Urinary excretion of toxic metals in Phase 1, at baseline, after 1st dose, and after 9th dose, in mcg/g creatinine.
Figure 2 Percentage change in urinary excretion of toxic metals. a: Percentage Change in Urinary Excretion of Toxic Metals after 1st and 9th Dose of DMSA in Phase 1. (n = 63). b: Percentage Change in Urinary Excretion of Toxic Metals after 1st and 9th dose of (more ...)
The effect of the glutathione lotion on excretion of toxic metals was analyzed by comparing the groups receiving the DMSA + glutathione lotion vs. DMSA + placebo lotion. In general there were no statistically significant differences in the two groups when comparing the average excretion after dose 1 plus after dose 9 vs. baseline. However, the excretion of mercury was possibly higher (p = 0.06) for the group receiving the DMSA + glutathione (average excretion of 1.38 vs 0.91, vs. baseline of 0.73 and 0.80, units of mcg/g creatinine, respectively).

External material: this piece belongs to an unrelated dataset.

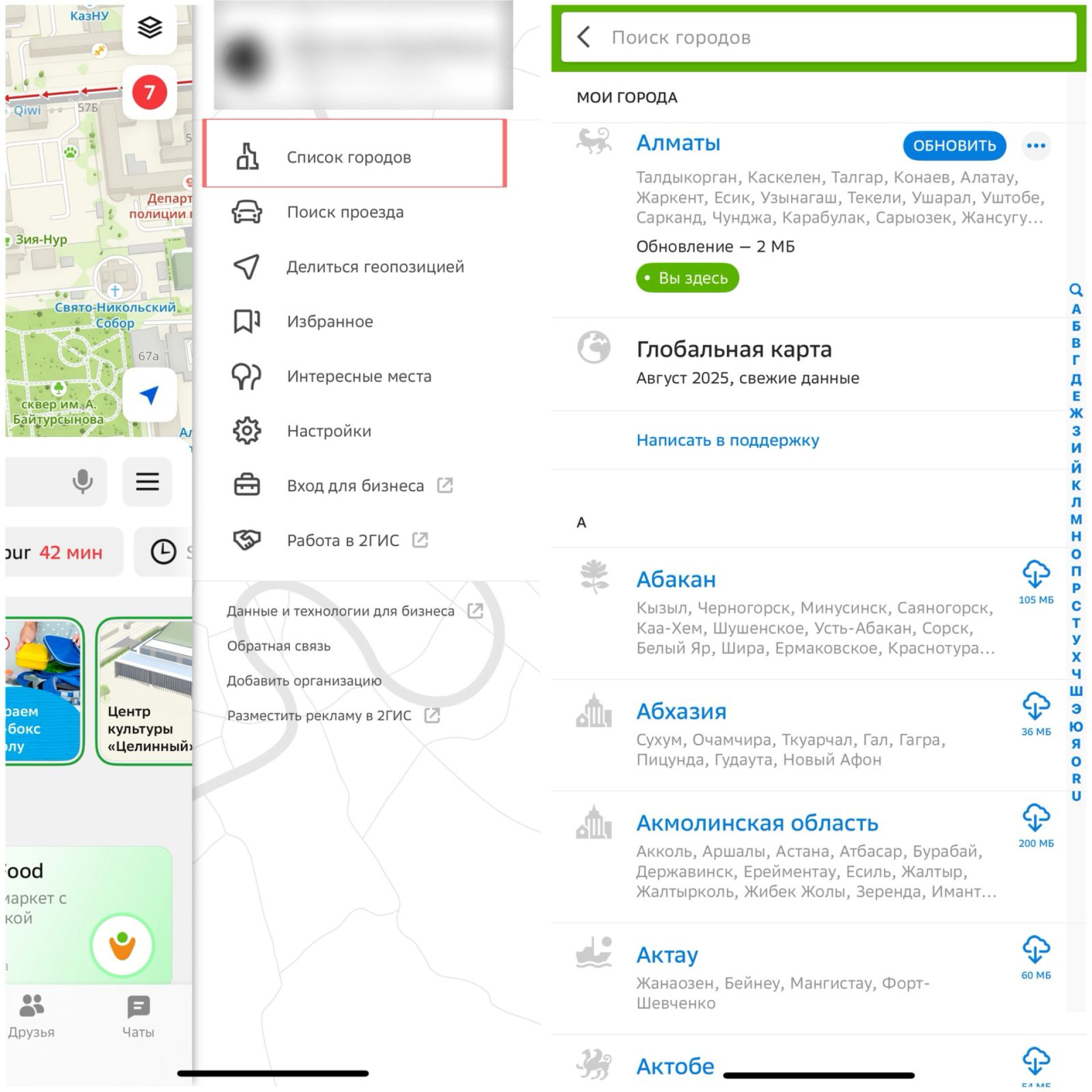 Также можно воспользоваться боковым меню приложения: выберите "Список городов" и скачайте необходимую карту.
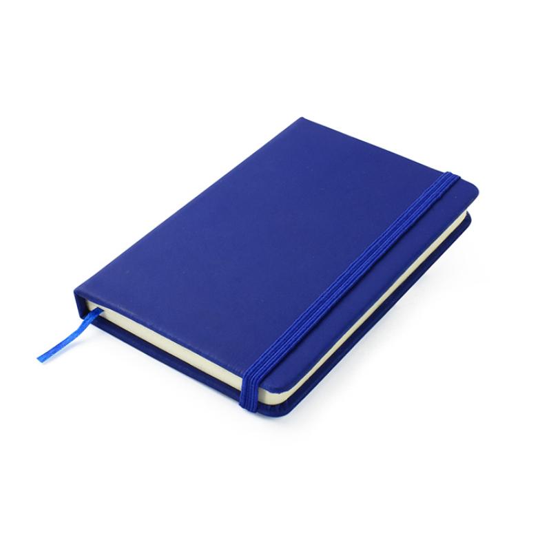 Gustowny notes A6 z kolorową gumką wykonany z materiału skóropodobnego (PU). Notes zawiera 80 kartek ecru w linie koloru pomarańczowego. Logo nadrukujemy na okładce.

Table and Figure shows the data for urinary excretion of toxic metals for the participants who were in the treatment group in Phase 2 (n = 20). The table lists both their Phase 1 results (1st and 9th dose) and their Phase 2 results (after round 2, 4, and 6 of DMSA in Phase 2). Table lists the metals in the same order as in Table for convenience. Note that the number of participants in this group is smaller than in Table (n = 20 vs. n = 63, respectively), which affects which results are statistically significant. In general, the results for phase 2 were similar to those for phase 1. Overall, there was a very large increase in excretion of lead, some increases in excretion of tin, bismuth, mercury, and thallium, possible ncreases in excretion of uranium, antimony, tungsten, nickel, and decreases in excretion ofi cadmium and arsenic. The increased excretion of lead persisted throughout the entire study, and mercury excretion also generally continued with some fluctuations.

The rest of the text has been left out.